▶ [Work instructions]:
Using the material that follows, output exactly the lines from the one containing "清末民初,行駛在廣州港珠江水" through the one containing "대한민국 오페라를 이끌어갈", with both ends kept.

▶ [Given information]:
______________________________

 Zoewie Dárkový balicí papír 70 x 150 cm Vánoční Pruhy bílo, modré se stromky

______________________________

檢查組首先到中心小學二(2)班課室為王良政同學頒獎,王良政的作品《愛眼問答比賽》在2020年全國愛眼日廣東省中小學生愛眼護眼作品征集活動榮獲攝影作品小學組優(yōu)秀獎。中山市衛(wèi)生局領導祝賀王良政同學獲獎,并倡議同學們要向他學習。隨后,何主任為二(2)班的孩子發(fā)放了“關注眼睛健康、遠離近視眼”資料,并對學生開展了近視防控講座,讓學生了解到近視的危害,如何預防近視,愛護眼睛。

______________________________

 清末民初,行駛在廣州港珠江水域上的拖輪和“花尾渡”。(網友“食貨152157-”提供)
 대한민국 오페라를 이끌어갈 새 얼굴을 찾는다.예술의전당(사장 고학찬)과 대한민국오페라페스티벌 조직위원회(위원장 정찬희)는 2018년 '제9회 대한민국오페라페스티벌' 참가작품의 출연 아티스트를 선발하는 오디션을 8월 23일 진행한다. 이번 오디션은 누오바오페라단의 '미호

______________________________

▶ [Answer box]:
 清末民初,行駛在廣州港珠江水域上的拖輪和“花尾渡”。(網友“食貨152157-”提供)
 대한민국 오페라를 이끌어갈 새 얼굴을 찾는다.예술의전당(사장 고학찬)과 대한민국오페라페스티벌 조직위원회(위원장 정찬희)는 2018년 '제9회 대한민국오페라페스티벌' 참가작품의 출연 아티스트를 선발하는 오디션을 8월 23일 진행한다. 이번 오디션은 누오바오페라단의 '미호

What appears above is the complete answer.